UMUのグローバル・プログラム・ディレクター、ウィリアム・リンツが、過去2年連続のATD登壇に続き、2026年も登壇しました。テーマは「Prompt LiteracyからAgent Literacyへの進化」です。チャットボットへの問いかけ方を磨くプロンプトリテラシーから、エージェント型AI(自律的に複数ステップの業務を遂行するAI)を使いこなすエージェントリテラシーへ。その橋渡しとなる「スキルリテラシー(Skill Literacy)」という新概念が中心テーマです。ATDとの共同調査データと豊富な実務例で解き明かす内容となりました。

 

主要ポイントと学び

  • AIリテラシーの世界的進展(ATDレポート2025): 「先進レベル」の組織比率が2024年の18%から2025年には29%へ上昇し、「基礎・未経験レベル」は41%から26%へ減少しました。中核的なAI概念を従業員が理解していると回答した組織は36%から60%へほぼ倍増。一方で、約70%の組織が依然として先進レベルに到達しておらず、伸びしろは大きいと判明しました。
  • AIフルエンシーとAIマスタリーの違い: TD(タレントディベロップメント)専門職の73%が日々AIを利用しています(2024年は49%)。一方で、自分を「エキスパート」と評価する人はごく少数。「頻繁に使うこと」は「うまく使うこと」を意味しません。組織の課題は導入率ではなく、利用の質に移っています。
  • AIリテラシーの3段階モデル: 第1段階は Prompt Literacy(チャットボットとの対話による業務遂行)。第2段階は Skill Literacy(再現可能な業務を構造化されたAI支援ワークフローへ変換する力)。第3段階は Agent Literacy(複数ステップの業務を遂行するAIシステムを設計・管理・評価する力)。参考文献としてHwang, Lee & Shin (2023) のプロンプトリテラシー論、Chan (2023) のAIリテラシー定義(Holistic Competency & Virtue Education, 香港大学)が示されました。

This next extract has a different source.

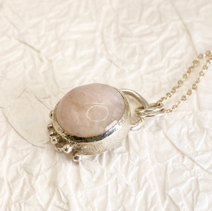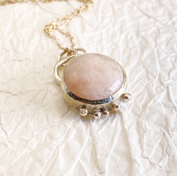 Soft pink, and full of love — this handcrafted morganite pendant set in textured sterling silver with granulation, is the perfect piece to add elegance and warmth to any outfit. Wear it solo for a delicate statement or layer it for a romantic, artisan touch.

  • RSTCCフレームワーク: 良いプロンプトの5要素を Role(役割)/Skill(能力)/Task(タスク)/Context(文脈)/Constraint(制約) で構造化する考え方です。「多様性採用プランの作成」を例に、AIに役割・能力・タスク・文脈・制約を明示すると、出力品質が安定すると示しました。

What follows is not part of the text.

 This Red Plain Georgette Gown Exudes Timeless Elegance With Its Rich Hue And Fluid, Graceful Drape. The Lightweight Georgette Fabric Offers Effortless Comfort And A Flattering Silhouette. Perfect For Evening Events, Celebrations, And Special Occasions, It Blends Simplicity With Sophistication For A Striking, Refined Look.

  • Autonomy(自律性)とAgency(行為主体性)の峻別: 現状の多くのAIエージェントは「自律性(人間が定めたゴールを、ステップ分解して実行する力)」を持ちますが、「行為主体性(自らゴールを定義し、優先順位を再構成する力)」までは持ちません。出典はMilosevic & Rabhi (2026) “Architecting agentic communities using design patterns” (arXiv)。両者を混同しないことが、現実的な期待値設定の第一歩と説きました。

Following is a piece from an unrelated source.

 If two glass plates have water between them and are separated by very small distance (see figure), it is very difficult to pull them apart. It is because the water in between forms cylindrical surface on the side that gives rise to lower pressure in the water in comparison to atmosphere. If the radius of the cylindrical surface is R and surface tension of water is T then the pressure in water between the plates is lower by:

  • 「スキル(Skill)」がエージェントの稼働基盤となる: スキルとは、業務手順・標準・例示・反例・ヒューリスティクスを構造化して、AIに「自社のやり方」を教える再利用可能な単位を指します。プロセス・リエンジニアリング(人手による標準化)から、プロセス・ディスティレーション(AIに業務ロジックを内在化させる蒸留)への進化と位置付けられました。
  • 5種類のスキル分類: 手続き的(Procedural)、条件的(Conditional)、規範的(Normative)、反パターン(Anti-pattern)、ヒューリスティック(Heuristic)。ロールプレイ結果のサマリー生成を例に、スキルがない場合は汎用的な要約しか出ないのに対し、スキルがあれば「コホート別の強み・弱み抽出」「レディネスルーブリックとの比較」「フォローアップコーチング提案」まで一貫して再現できると実演されました。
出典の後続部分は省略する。